I went from being emotionally closed off to breaking down in tears in front of big groups of people, multiple times. From someone who wouldn’t handle intense emotions (“Oh you’re sad? Let me make a joke!”) to someone who enjoys being in that space with people or myself.
So, shout out to my quarter-life-crisis for helping me get my ass in gear. And thanks to my family for their support and dealing with my stressed-out phone calls.
What happens when you don’t quite fit in?
Back in college, I played 2 weeks of lacrosse and a year of soccer. But quit both in part because even though the guys seemed cool I didn’t feel like I fit in.
Sophomore year I joined rugby and clicked with the guys there. That team was one of the best parts of college and that’s where I made most of my good friends.
Boulder now is starting to feel like that soccer team. It was the right for me at 24-29. But now, my friends are in committed relationships, either with people or the mountains. Others moved away. I’ve been a part of some wonderful communities with great people but felt like a bit of an outsider.
After 5-6 years, I look around and realize there’s nothing holding me here. To me, that’s a sign it’s time to go.
One thing I’ve learned through my time here is I need new challenges. I’ve got to feel like I’m growing. I’ve done the Boulder thing. Now I need new mountains to climb (figuratively speaking.)
So like the elves at the end of Lord of the Rings, I’m peacing out. Not to go anywhere in particular. I’ve just been feeling an intense urge to hoist anchor, set sail, and see what happens. So that’s what I’m doing.
Frodo gets it — Sometimes you just gotta go
People keep asking about my trip, so here’s what’s up:
My upcoming trip with Remote Year
Me and ~75 other remote workers are traveling together for a year. We’ll be working full-time the entire trip. Everyone already has a job working for themselves or some company.
We can do side trips whenever we want. And we pay the lovely people at Remote Year to handle all the travel/lodging logistics. (Word is they throw welcoming/networking parties in every city we go to. So that’s cool)

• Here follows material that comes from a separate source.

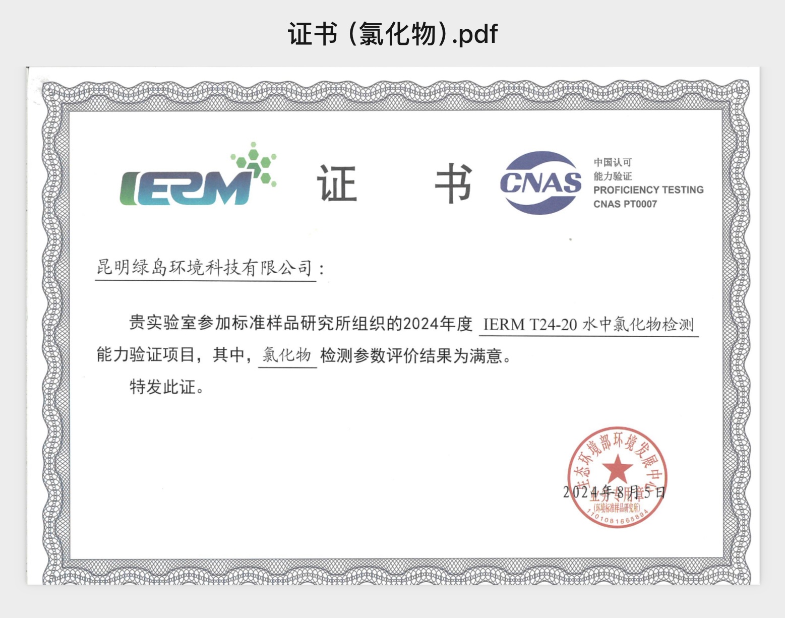 強化能力建設 夯實發(fā)展根基(五) ——昆明綠島環(huán)境科技有限公司喜獲2項能力驗證證書

Here’s a look at where I’ll be:
I’ll now take questions from the audience
“Are you excited?”
Not yet. Too busy stressing over all the stuff I got to take care of before going. Once I’m on the plane I’ll be excited.
“Are you going back to Boulder after?”
Doubt it. My work here is done. As for where I’ll live after, I haven’t planned that far ahead.
“Are you coming back to the US at all during it?”
Nope. Try not to burn the place down while I’m gone.
“How’d you find out about this?”
I was looking into traveling solo and saw this ad on my FB newsfeed. At first I thought “that’s waaaay to expensive”. But I didn’t want to travel only to turn into a hermit in a hut in Costa Rica. Having cool people to kick it with, plus having all the lodging/travel taken care of for me made me realize it was worth it.
“Are you sure the company’s legit?”
Seems it.
“Will you blog about it?”
Yup. Every 2 weeks or so. If there’s anything you want to hear about let me know.
“Aren’t you going to miss me?”
Obviously. Keep in touch, homie.
“Can I come?”
Sure. Let me know where ya want to meet up.